Joey Fishkin probably has said all that needs to be said about the various justices' attempts to do constitutional theory in Rahimi. He may be too subtle, though. So here's the hit-you-on-the-head-with-a-hammer version.
Right-wing op ed writers who think they know something about the Constitution (I'm looking at you, George Will, but there are others) are probably already in print, and certainly will be soon enough, with pieces describing the conservative justices' separate opinions as "brilliant," "careful," "important," and other praise words. Acolytes in the legal academy will follow with similar praise perhaps a bit toned down.

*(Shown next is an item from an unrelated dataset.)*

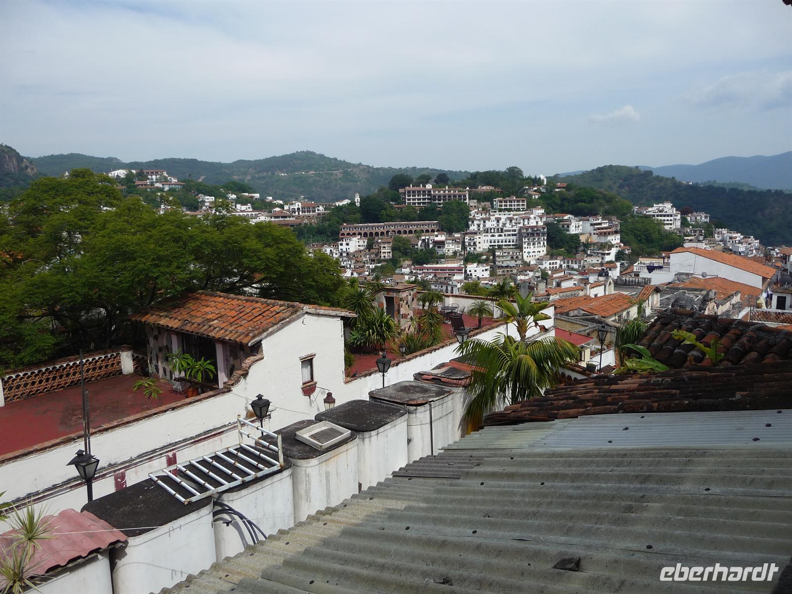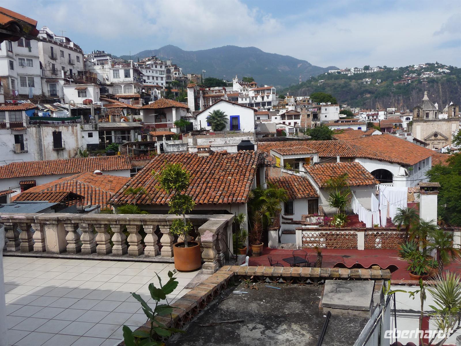 Brady war ein reicher Amerikaner und baute sich in Mexiko ein Häuschen, was jetzt als Museum der Öffentlichkeit zugänglich ist. Es hat uns allen so gut gefallen, der tolle Innenhof, die lustigen Bäder, die schönen Schlafzimmer..es war richtig gemütlich und einige von uns wollten gleich da bleiben. Aber natürlich kamen alle wieder mit und wir schlenderten weiter durch den Ort, um in einem landestypischen Restaurant Stopp zu machen und einen Happen zu essen…hmmm es gab leckere Waffeln, Kaffee, Tortillas, Omeletts und frisch gepressten Saft. Gut gestärkt fuhren wir um 14 Uhr weiter nach Taxco, durch die wunderschöne Gebirgswelt Mexikos. Taxco ist ein beeindruckendes Städtchen - da es kein flaches Tal gibt hat man die vielen Häuser einfach auf die Berghänge gebaut, und so ergab sich ein total einzigartiges Stadtbild. Wir stoppten zuerst in einem Silbergeschäft - Taxco ist berühmt für seine Silberprodukte! Dann ging es weiter in die Stadt. Wir

Were the opinions to be submitted as essays in a decent law school course or seminar in constitutional theory, they'd get something close to the median grade (these days, I suppose, a B+). They demonstrate a reasonable grasp of the fundamental issues, though they overlook some subtleties in the best of the works they refer to. They indicate some awareness of the pressure points on their theories but at best offer promissory notes about what future theoretical development might yield. They demonstrate no awareness whatever of the feebleness of what they do offer as moving the ball forward, with Justice Barrett's Goldilocks line being the best evidence of that.

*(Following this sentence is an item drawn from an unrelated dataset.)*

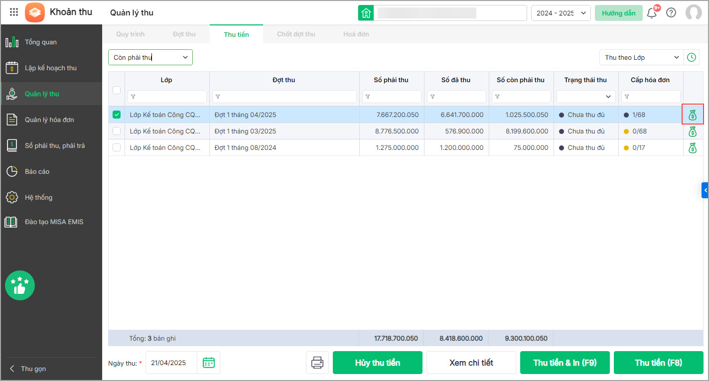 - Nhấn vào biểu tượng thu tiền tại lớp và đợt thu cần thu tiền.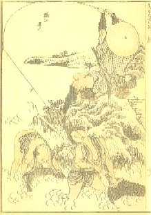 | Three people fishing, including a woman in foreground, with a rod, a sieve-like basket, and a scoop-net on a bamboo pole. A soft print with good clear detail in the woven basket and net. | |

It's not worth going through the opinions in detail with the kinds of comments I'd make on seminar papers; others will surely do that. Here I simply raise a couple of questions. Given that the proper thing to do is extract a guiding principle from the historical and traditional materials, how do you determine the level of generality at which to state that principle? Justice Scalia offered one answer in Michael M. (the most concrete, least abstract level), but it didn't stick, for good reason (it might work for a handful of problems but couldn't work as a general guide). Roberts's opinion says that "responsible" isn't the right level because its too vague--but that's not right either: the term has a reasonably clear but rather large core meaning, with vagueness at the edges, it's just that the core meaning sweeps more broadly than Roberts would like. That suggests another candidate for determining the level of generality of the principle: choose the level that, with respect to the problem at hand (because the level is likely to vary depending upon the problem), yields the best social policy result. But, of course, the opinions can't say that because the point of the exercise is to prevent judges from relying upon their policy preferences when they decide cases.

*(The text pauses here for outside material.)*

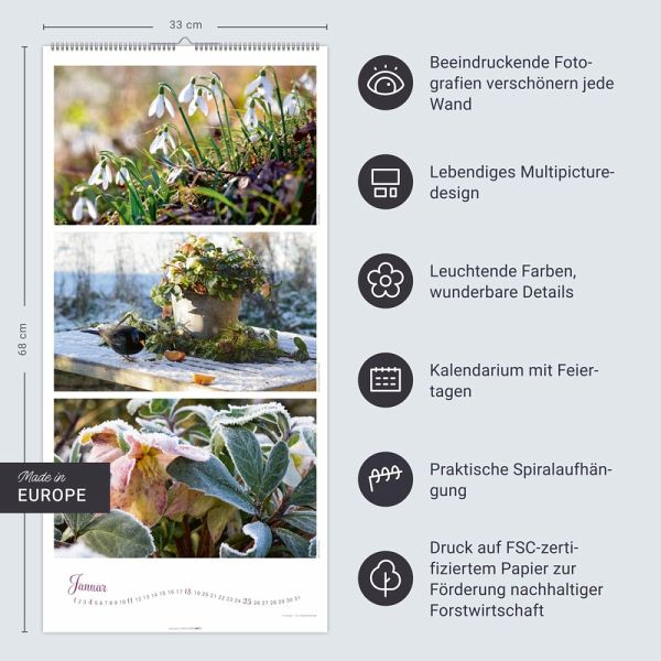 - Jahres-Wandkalender voll bunter Vielfalt: eine Hommage an den Farben-Reichtum der Natur - Einblicke in prachtvolle Garten-Oasen im Wandel der Jahreszeiten- Monatlich ein neuer Farbakzent an Ihrer Wand: Kalender XL mit 12 stimmungsvollen Foto-Kompositionen, die das Herz aller Gartenfreunde höherschlagen lassen - Immer das passende Geschenk für Hobbygärtner und Gartenbesitzer: hochwertiger Fotokalender im vertikalen Blickfang-Format 33 x 68 cm- Jahr für Jahr inspirierende Bilder: die Naturkalender von Weingarten im Athesia Kalenderverlag

Or, maybe not. Maybe you can't rely directly on your policy preferences to justify a decision but you can do so indirectly, through the choice of the level of generality. They can't say that, though, and sustain their criticism of their liberal adversaries, because those adversaries never relied on policy preferences directly either. Maybe "never" is too strong, but one or two aberrations wouldn't weaken the point, and the most commonly offered example fails. The liberals in Griswold didn't strike the statute down because it was uncommonly silly; they offered an account of a constitutional right to privacy in intimate matters that they found rooted in constitutional text and tradition. Justice Breyer's typical use of policy arguments, to uphold statutes against constitutional challenges, is Thayerism: "I have no views on the policy issues here but here's a lot of evidence to support the proposition that it's reasonable for a legislature to conclude that this is good policy."
The second question is related: How do you escape the suspicion that you're picking the level of generality to produce results that fit with your sense of good policy outcomes? Understandably, no one wrote an opinion in the vein of Kennedy's in the flag-burning case: "I hate the fact that Rahimi isn't going to be allowed to own a gun, but my constitutional theory dictates that Roberts's principle is at the right level." Indeed, in Rahimi it would be really hard to write such an opinion because Roberts's principle is that you can disarm (temporarily) people who are found by a court to pose a credible threat to the physical safety of others--and it's really hard to disagree with that as a matter of policy. (Or is the suggestion that a ban wouldn't be justified if the determination were made by an administrator rather than a judge [after similarly truncated procedures], or if the threat were to the psychological safety of another, or if the threat were to a class of people rather than "another"? I'd like to see the explanation for those possible limitations on the principle's scope.)
Richard Posner once concluded that it was laughable to think that the justices were the nine best lawyers in the country, or were among the best one hundred. He thought that ten thousand might be the right number. Or, to return to the beginning, B+.